We consider also additional constraints which are conventional in the aeronautic setting:
-
• The rate of climb, that is the time-derivative of the altitude, has to be upper bounded by a given maximal value $ {\gamma}_{max} $ during the whole climb;
-
• The Mach number should not exceed a certain value called the maximum operational Mach ( $ \mathrm{MMO} $ ).
The final time of the climb is given by $ {T}^{\star}\in \left[0,T\right] $ which is the first time where the aircraft reaches $ {h}_T $ with Mach number $ {\mathrm{M}}_T $ .
Finally, we mention that the fuel flow model $ \mathrm{FF} $ is here estimated. To do so, we exploit the reference trajectories which contain recorded altitude, Mach number, engines power and fuel flow for each second of the flight. Having access to these data, we are in position to fit a statistical model. Following the numerical results in Dewez et al. (Reference Dewez, Guedj and Vandewalle2020) which show that polynomials can accurately model aeronautic variables, we consider a polynomial model of degree 2 for the fuel flow. In particular, the requirements for the cost function in the current version of PyRotor are fulfilled. The prediction accuracy of the resulting estimated model is assessed in the following subsection.
4.2. Numerical results
We present now numerical results based on real flight data for the above aeronautic problem. Here, we have access to 2,162 recorded short and medium-haul flights performed by the same narrow-body airliner type, provided by a partner airline. In particular they cannot be publicly released for commercial reasons.

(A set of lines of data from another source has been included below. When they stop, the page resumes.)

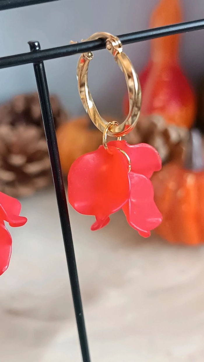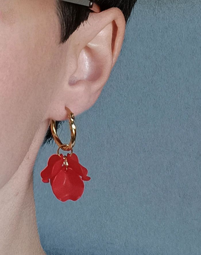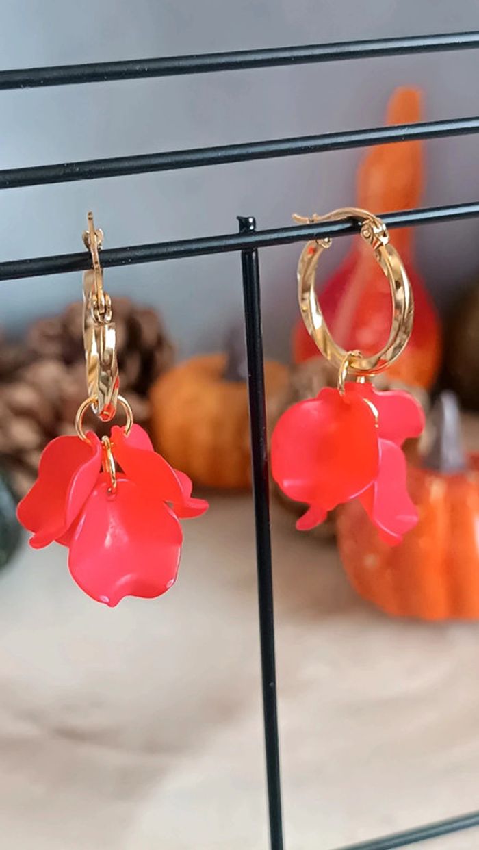 Jolies créoles d'environ 2cm , Fleurs rouges Hyper délicates 🌸 Pour toute demande de lot, m'envoyer un message avec la capture d'écran des articles voulus et je m'en occupe ✨ Envoi rapide et soigné 🤗 Belle découverte ☀️ - Les bijoux en base d'acier inoxydable sont théoriquement résistants à l'eau. Néanmoins, je conseille, pour la durabilité, d'éviter le contact prolongé de vos bijoux fantaisie avec l'eau, le chlore, le parfum, et de les ranger à l'abri du soleil pour une parfaite tenue dans le temps 🤗 - Éviter complètement l'eau pour les bijoux comportant des pierres naturelles, perles de rocailles, acryliques, bois ... - Pour toute question, ou demande, un petit message 🤗 - Abonnez-vous à mon profil vinted pour ne rien louper 👍 #bijouxfantaisie #y2k #cadeaufemme #cadeau #tendance #style #zara #accessoires #acierinoxydable #neuf #inspiration #sézane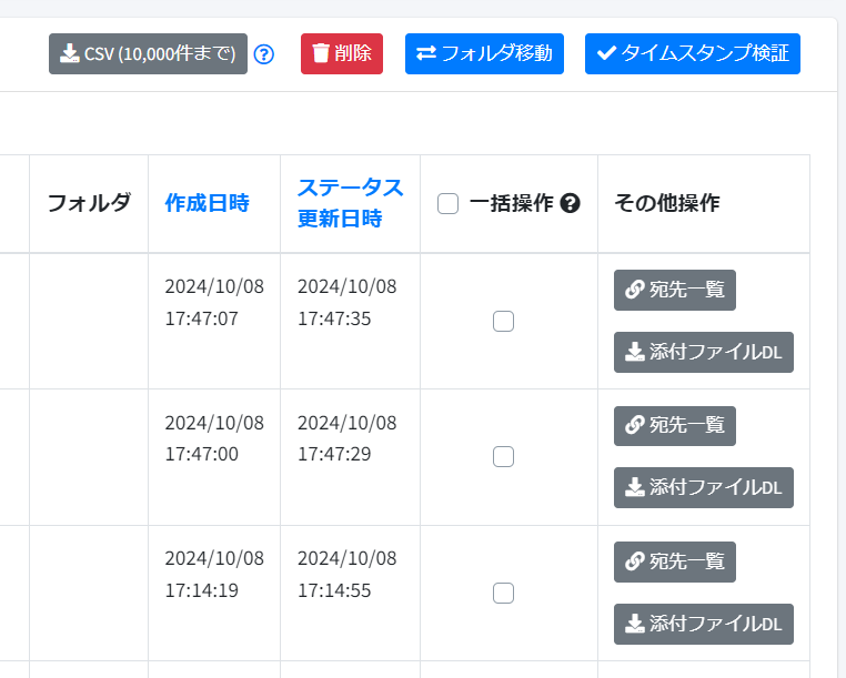 一括ダウンロードは書類一覧、書類詳細画面のどちらからでも利用可能です。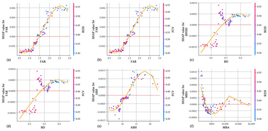 Figure 9a,b reveal that when FAR is between 1.5 and 2.5, RESI is between 0.30 and 0.40, and FCV is between 0.2 and 0.3, their positive interaction effect is most pronounced. Beyond this range, further increasing FAR does not improve UV, likely because excessively high FAR contributes to traffic congestion and infrastructure strain, thereby diminishing residents’ spatial experiences. This result underscores the need to prevent overdevelopment and maintain a livable community environment. Figure 9c,d show that when BD is 0.25, RESI is between 0.40 and 0.50, and FCV is between 0.35 and 0.45, the positive interaction effect reaches its peak. When BD is between 0.25 and 0.30, and RESI and FCV are high, they exhibit synergistic effects on UV. One explanation is that some CLC units with eco-orientated development are able to create high vitality while maintaining low development intensity [46]. Figure 9e illustrates that the interaction effect on UV is strongest when ABH is between 12 and 17 and FCV is between 0.3 and 0.35. Excessively high or low ABH negatively impacts UV. Figure 9f demonstrates that when MBA < 3000 and RESI is between 0.30 and 0.45, the positive interaction effect is strongest. Furthermore, an interaction effect on UV is still observed when MBA is between 10,000 and 17,000, and RESI is between 0.40 and 0.50. These findings suggest that urban planners should implement differentiated planning strategies to meet the varied demands of residents for building space and an ecological environment.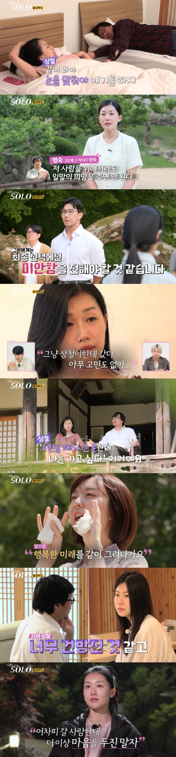 4일 방송한 ENA와 SBS Plus의 리얼 데이팅 프로그램 '나는 SOLO'에서는 영식-현숙, 영철-정숙이 최종 선택에서 커플이 되어 다사다난했던 16기 '돌싱 특집'의 로맨스를 훈훈하게 마무리하는 모습이 그려졌다. 반면 영숙은 상철의 직진에도 최종 선택을 포기하면서 "일말의 희망을 주면 안 된다고 생각했다. 난 엄마니까..."라고 털어놓아 3MC는 물론 시청자들을 울컥하게 만들었다.

The data is here recorded by the quick access recorder (QAR).
Before considering the optimization setting, we estimate a fuel flow model specific to the climb phase and to the considered airliner type. To do so, we extract the signals of the four variables of interest (altitude, Mach number, engines rotational speed, and fuel flow) and keep the observations from the take-off to the beginning of the cruise without level-off phases. Smoothing splines are then applied to the raw signals to remove the noise. We sample each 5 s to reduce the dataset size without impacting strongly the accuracy of the resulting models. At the end, we obtain 494,039 observations which are randomly split into training and test sets to fit a polynomial model of degree 2 using the scikit-learn library. The RMSE and MAPE values of this model on the test set are respectively equal to $ 3.64\times {10}^{-2} $ kg/s and 1.73%.
Regarding the optimization, we are interested in climb phases from 3,000 to 38,000 ft. We mention that we remove lower altitudes because operational procedures constraint heavily the trajectory during the very beginning of the climb. Further the initial and final Mach numbers are required to be equal to 0.3 and 0.78. It is noteworthy that the optimization solvers used in PyRotor allow linear inequality conditions, permitting to slightly relax the endpoints conditions. Here we tolerate an error of 100 ft for the altitude and an error of 0.01 for the Mach number. The initial and final $ \mathrm{N}1 $ values are let unconstrained. Finally the $ \mathrm{MMO} $ and $ {\gamma}_{max} $ are respectively set to 0.82 and 3,600 ft/min.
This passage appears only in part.